Optimal number of rows that can be process per batch: ChatGPT UI: 5–8 (Interactive, best for QA rounds)OpenAI API (scripted): 10–20 (Streamlined, token-limited). Finetuned batch model: 50–100 (Structured input/output required)

4. AI-Signal Auto-Resolver

4.1. Implementation Spec & Flow Diagram

The AI-Signal Auto-Resolver is a backend module that intercepts unresolved signal references in formulas, extrapolation models, or dynamic form generation.

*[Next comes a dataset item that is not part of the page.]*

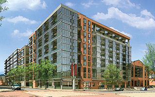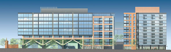 A view of the previous designs for Parcel D, showing the western side of the development, which would face 4th Street. At far left is the sentry tower at M Street. The grocery store is still planned for the ground-floor area at left, but in 2010 the site plan was redesigned to be a single all-residential building with ground-floor retail. These 2007 designs by Shalom Baranes Associates.
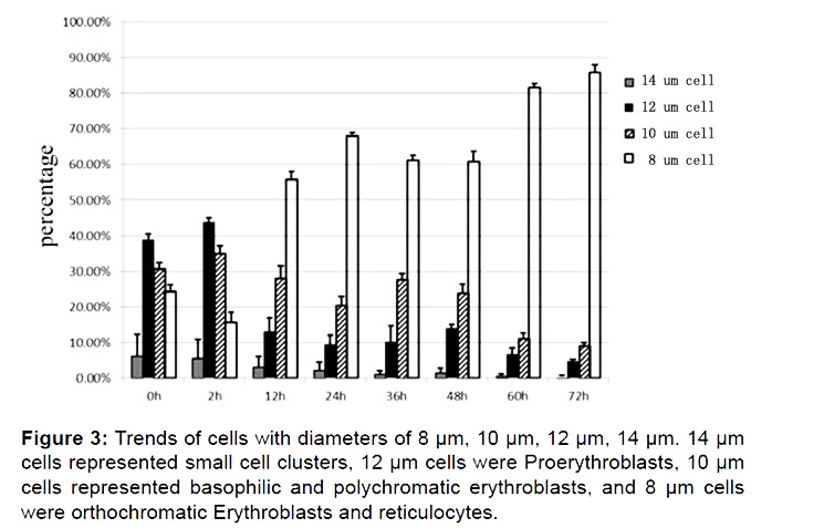 在相應的時間節(jié)點內(nèi),一系列的新發(fā)現(xiàn)被證實:多色細胞的細胞核經(jīng)過7~8小時會被吞噬;CD71和Ter119的表達會比成熟紅細胞更高;相應的stathmin, septin8 and RBBP4等細胞骨架相關蛋白表達降低很多。觀察詳細的紅細胞成熟過程會帶來更多的血細胞領域認知,會對紅細胞分化和致癌作用有更深入的了解。

It uses fuzzy logic and AI (e.g., GPT-4-turbo) to match against the Signal Registry, propose new signals if needed, and route them for approval or insertion in draft mode.

This feature reduces developer friction, prevents broken references, and creates a human-AI loop for expanding ZAYAZ’s signal intelligence.

Functional Goals

Detect missing signal references during validation or compilation.
Match unresolved names against registered signals.
Suggest best matches or propose a new signal with inferred metadata.
Log all resolver events for traceability and learning.
Route proposed signals to admin dashboard for approval.

4.2. System Components

Signal Resolver Core

Triggered by any module parsing a formula, rule, or form field.
Intercepts unknown signal_name.
Queries Signal Registry for best match candidates.
Ranks matches using vector similarity (e.g., pg_trgm, embeddings, or GPT).

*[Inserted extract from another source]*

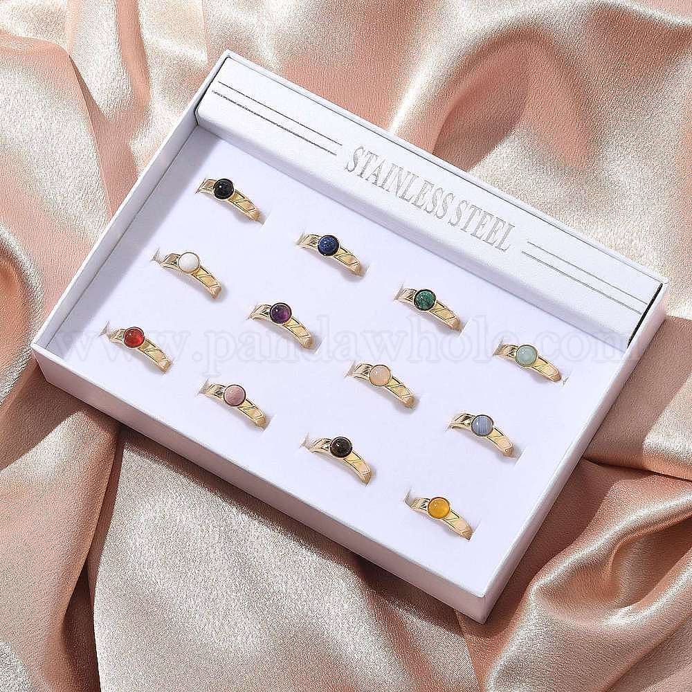 Круглые кольца из смешанных натуральных камней, 304 из нержавеющей стали манжеты кольца, реальный 18 k позолоченный, ионное покрытие (ip)

AI Suggestion Layer (Optional First Phase via GPT-4-turbo)

If no high-confidence match: ask GPT-4 to infer signal purpose.
Generate proposed metadata:
- Name
- Description
- Data type
- Fallback logic (if pattern is clear)
- Draft source info (e.g., "Likely from emissions_model”)

Resolver Log Table signal_resolver_log:

Column	Type	Description
resolver_trace_id	UUID	Unique trace for this resolution event
unknown_signal_name	TEXT	Signal that failed to resolve
matched_signal_ids	`JSON[]`	Ranked suggestions from registry
suggestion_confidence_score	`FLOAT[]`	Optional: match confidence per suggestion
selected_signal_id	TEXT	If user accepted a match
new_signal_proposal	JSON	Proposed metadata for new signal
gpt_input_context	TEXT	Input prompt sent to LLM (optional logging)
gpt_response_text	TEXT	LLM's raw output (optional logging)
created_by	TEXT	E.g., auto_resolver, admin_manual, etc.
status	TEXT	matched, proposed, approved, dismissed
created_at	TIMESTAMP	Resolution timestamp

This log is the learning engine, trust layer, and governance audit for AI-generated or fuzzy-matched signals.

Admin Review UI

Admin dashboard showing pending signal proposals.
Option to edit, approve, reject, or promote to full signal.

signal_id

All signal_id(s) follow the same format:
- It starts with: “sssr:”, then the table name: “source_table” a separator “.” and finally the column name “column_reference”. E.g. “sssr:signal_resolver_log.resolver_trace_id”

Other:

Learning model from accepted proposals to improve suggestions.
Auto-suggest schema (e.g., likely source_table and column_reference).
UI-integrated DocSearch fallback when confidence is low.
Automatic notification system for unreviewed proposed signals.

4.3. System Flow Diagram

System Flow Diagram (PDF)

Link to the Whimsical flie for editing...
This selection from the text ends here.